### What you need to do
Would you transcribe each entry precisely as it stands, setting aside any images?

--- Supplied entries Enclosed Below ---

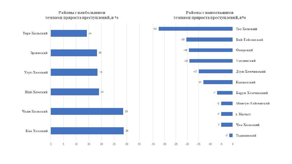 На фоне общего снижения преступности рост установлен в шести районах республики: Каа-Хемском (+28,8 %, с 73 до 94), Чеди-Хольском (+28,6 %, с 28 до 36), Пий-Хемском (+19 %, с 79 до 94), Улуг-Хемском (+18,4 %, с 201 до 238), Эрзинском (+18,2 %, с 22 до 26) районах.
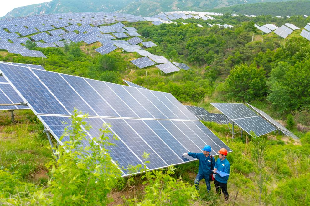 在烟台市福山区回里镇老岚村,一排排蓝色光伏板铺满山坡。这些光伏板将太阳光转化成电能,并入国网烟台供电公司后,源源不断输送到千家万户。原来无人问津的黄草坡,变成了绿色清洁能源的“发电站”。
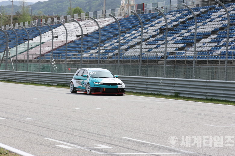 [세계타임즈=방춘재 기자] ‘2024 현대 N 페스티벌’ 개막전에서 진행된 아아이오닉 5N eN1 클래스가 4월 27~28일 강원도 인제군 인제 스피디움 A코스(1랩=2.577km)에서 펼쳐졌다.
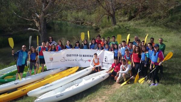10-05.17.- Un grupo de alumnos del IES Jorge Manrique de Motilla del Palancar han podido disfrutar de una jornada de piragüismo en aguas del Júcar gracias al Programa Somos Deporte 16-18, que organizan conjuntamente la Junta de Comunidades de Castilla-La Mancha y la Diputación Provincial de Cuenca.
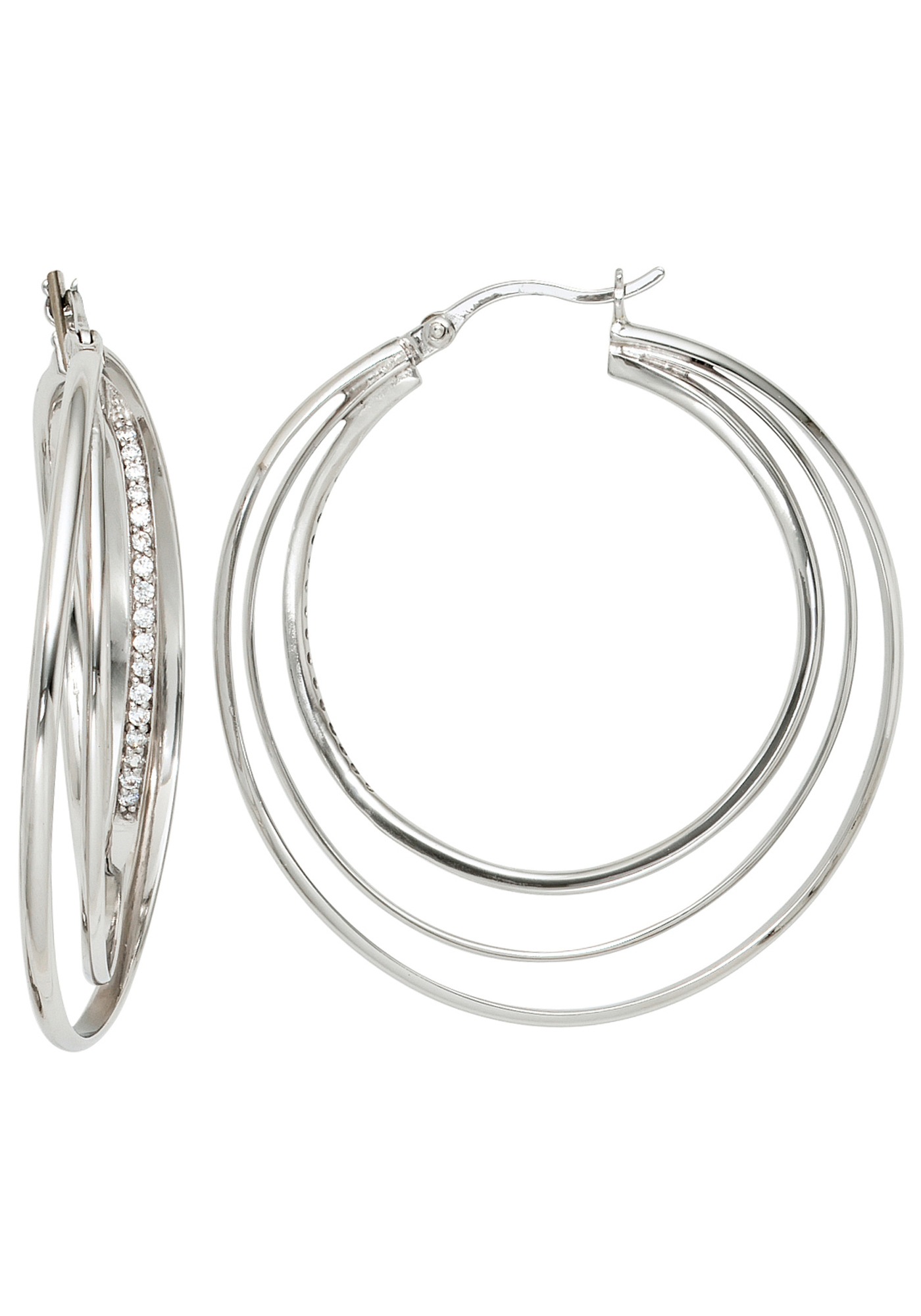 Paar Creolen JOBO, silber (silber 925), Ohrringe, Damen, Silber 925 (Sterlingsilber), 925 Silber mit Zirkonia
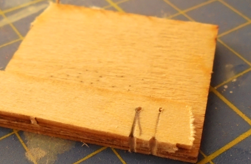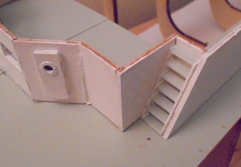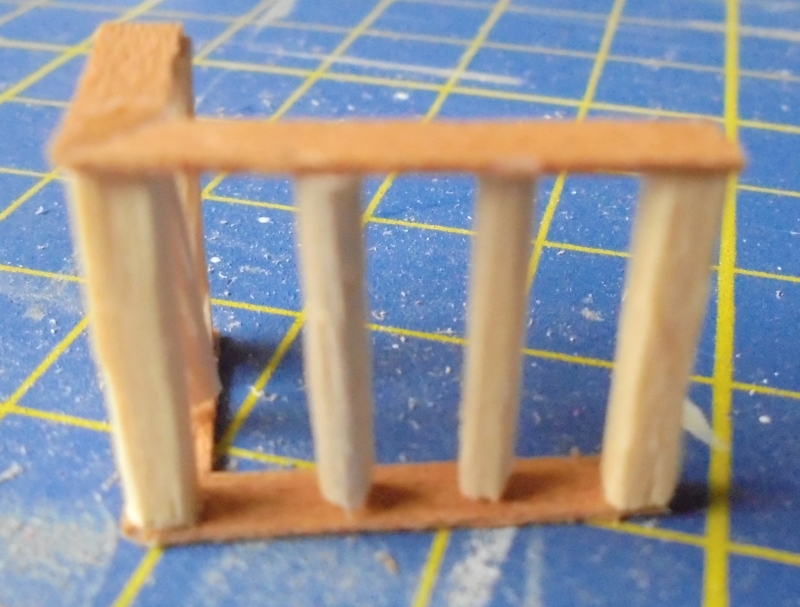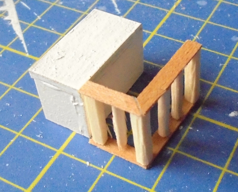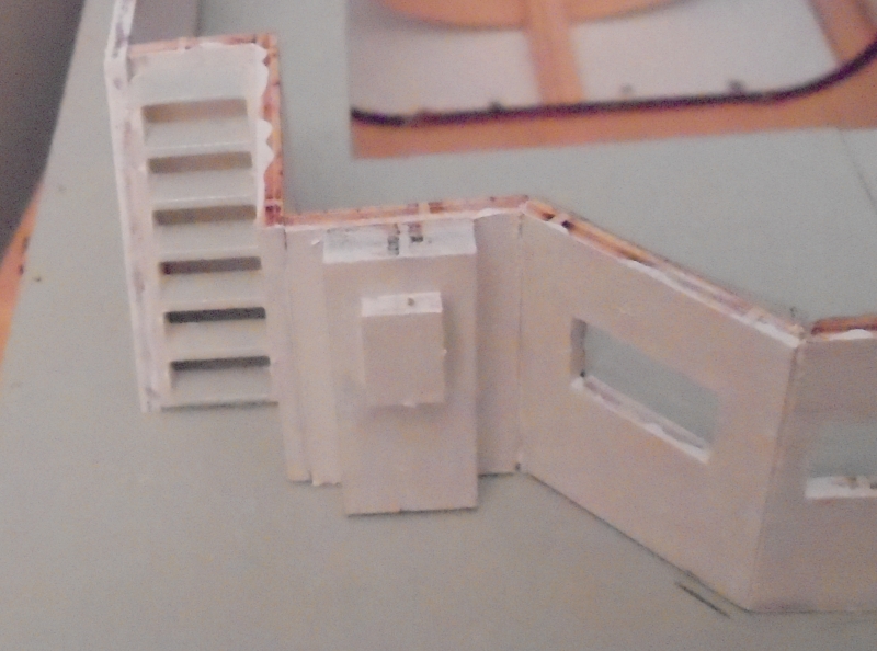 There is an opening in the wheelhouse floor that requires a banister rail, I used three sections on a matchstick for the corner and endpost and pieces of cocktail sticks for the other posts.
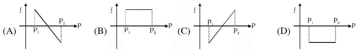 Q. A block of mass m is on an inclined plane of angle $\theta$. The coefficient of friction between the block and the plane is $\mu$ m and tan$\theta$ >m. The block is held stationary by applying a force P parallel to the plane. The direction of force pointing up the plane is taken to be positive. As P is varied from $P_{1}$ = mg (sin$\theta$ – $\mu \mathrm{cos} \theta$) to $P_{2}$=mg$(\sin \theta+\mu \cos \theta)$, the frictional force f versus P graph will look like
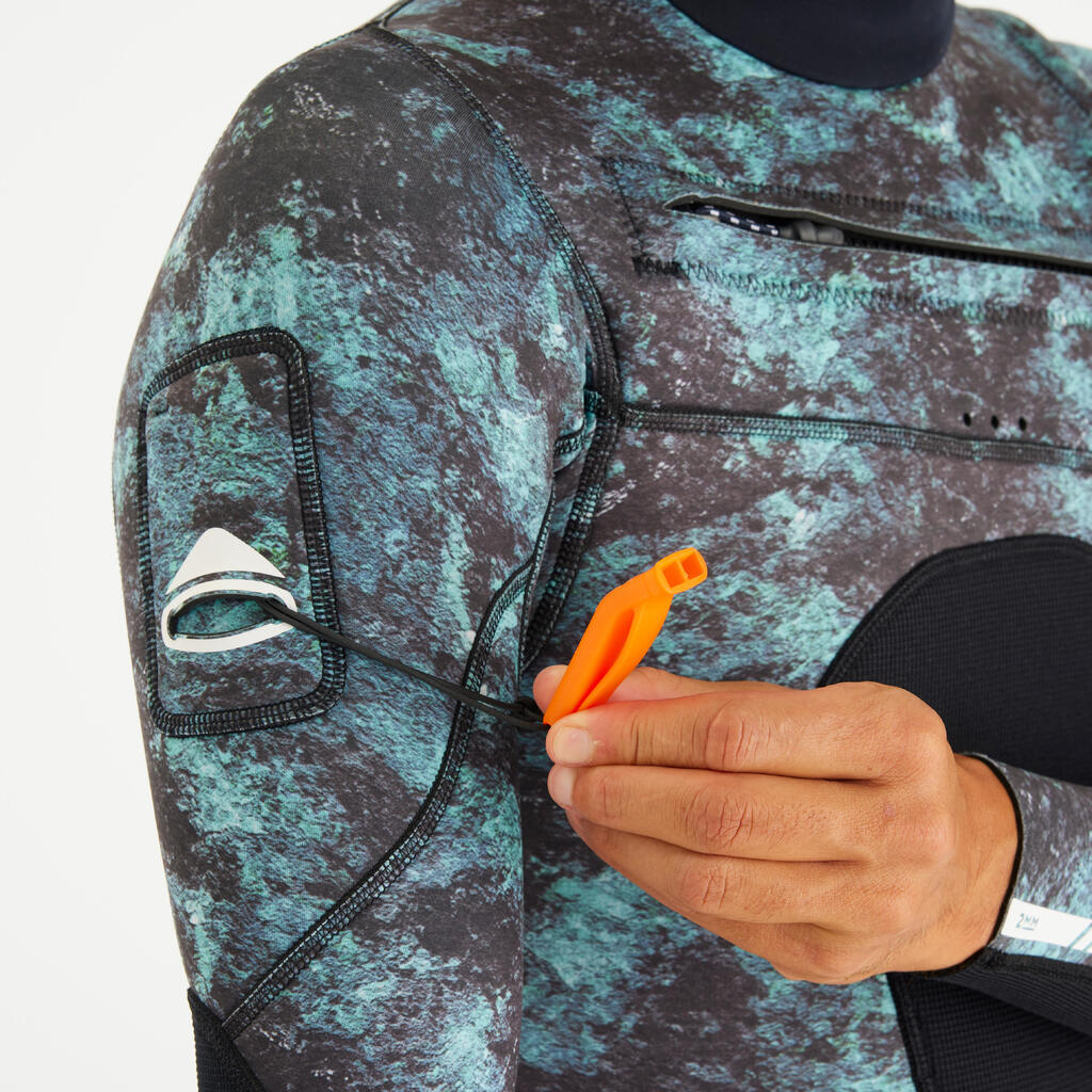 Pocket with integrated whistle on the sleeve for calling your buddy or signalling other users of the sea.
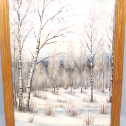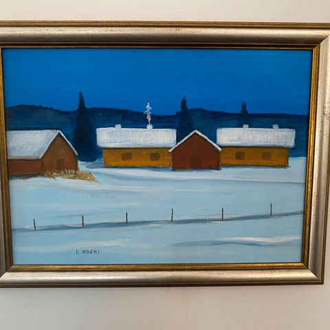 Kaunis kevättalvimaisema. Koko 30x37cm. Öljy kankaalle.
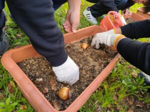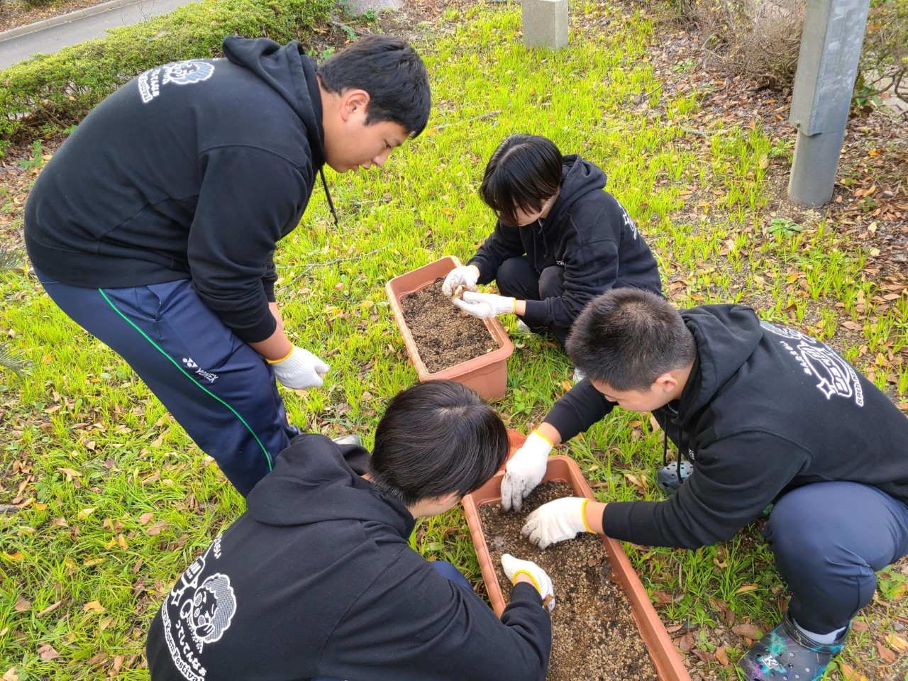 学校緑化推進事業を活用してスイセンの植栽を行いました。
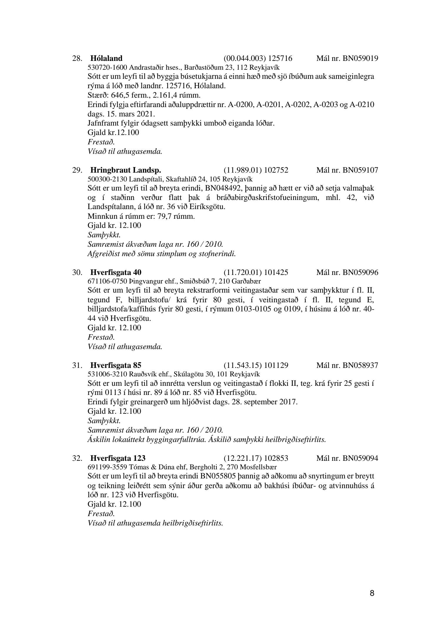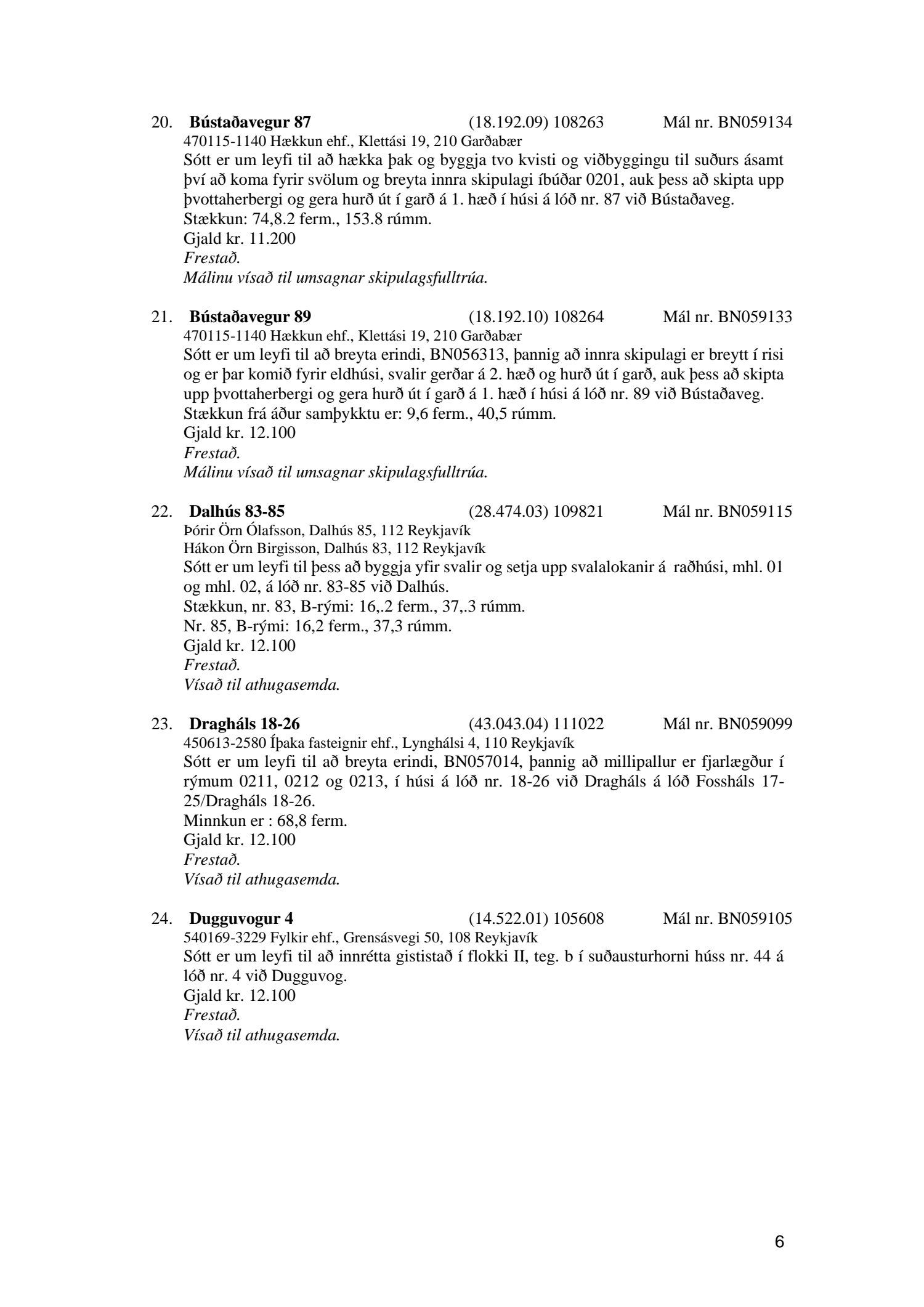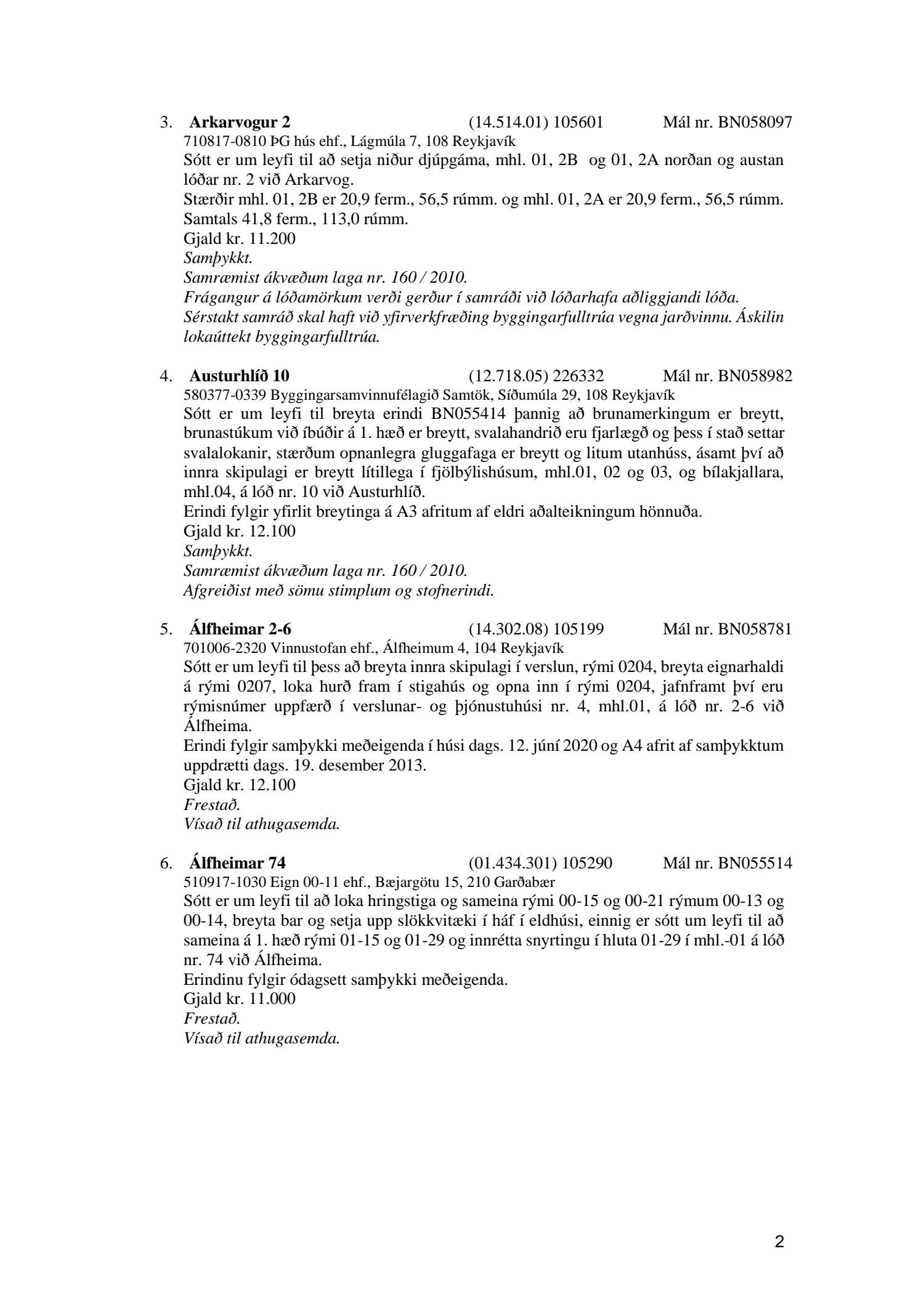 Afgreiðslufundur byggingarfulltrúa nr. 1110

--- End of Enclosed Supplied entries ---

### Finished task
 На фоне общего снижения преступности рост установлен в шести районах республики: Каа-Хемском (+28,8 %, с 73 до 94), Чеди-Хольском (+28,6 %, с 28 до 36), Пий-Хемском (+19 %, с 79 до 94), Улуг-Хемском (+18,4 %, с 201 до 238), Эрзинском (+18,2 %, с 22 до 26) районах.
 在烟台市福山区回里镇老岚村,一排排蓝色光伏板铺满山坡。这些光伏板将太阳光转化成电能,并入国网烟台供电公司后,源源不断输送到千家万户。原来无人问津的黄草坡,变成了绿色清洁能源的“发电站”。
 [세계타임즈=방춘재 기자] ‘2024 현대 N 페스티벌’ 개막전에서 진행된 아아이오닉 5N eN1 클래스가 4월 27~28일 강원도 인제군 인제 스피디움 A코스(1랩=2.577km)에서 펼쳐졌다.
10-05.17.- Un grupo de alumnos del IES Jorge Manrique de Motilla del Palancar han podido disfrutar de una jornada de piragüismo en aguas del Júcar gracias al Programa Somos Deporte 16-18, que organizan conjuntamente la Junta de Comunidades de Castilla-La Mancha y la Diputación Provincial de Cuenca.
 Paar Creolen JOBO, silber (silber 925), Ohrringe, Damen, Silber 925 (Sterlingsilber), 925 Silber mit Zirkonia
 There is an opening in the wheelhouse floor that requires a banister rail, I used three sections on a matchstick for the corner and endpost and pieces of cocktail sticks for the other posts.
 Q. A block of mass m is on an inclined plane of angle $\theta$. The coefficient of friction between the block and the plane is $\mu$ m and tan$\theta$ >m. The block is held stationary by applying a force P parallel to the plane. The direction of force pointing up the plane is taken to be positive. As P is varied from $P_{1}$ = mg (sin$\theta$ – $\mu \mathrm{cos} \theta$) to $P_{2}$=mg$(\sin \theta+\mu \cos \theta)$, the frictional force f versus P graph will look like
 Pocket with integrated whistle on the sleeve for calling your buddy or signalling other users of the sea.
 Kaunis kevättalvimaisema. Koko 30x37cm. Öljy kankaalle.
 学校緑化推進事業を活用してスイセンの植栽を行いました。
 Afgreiðslufundur byggingarfulltrúa nr. 1110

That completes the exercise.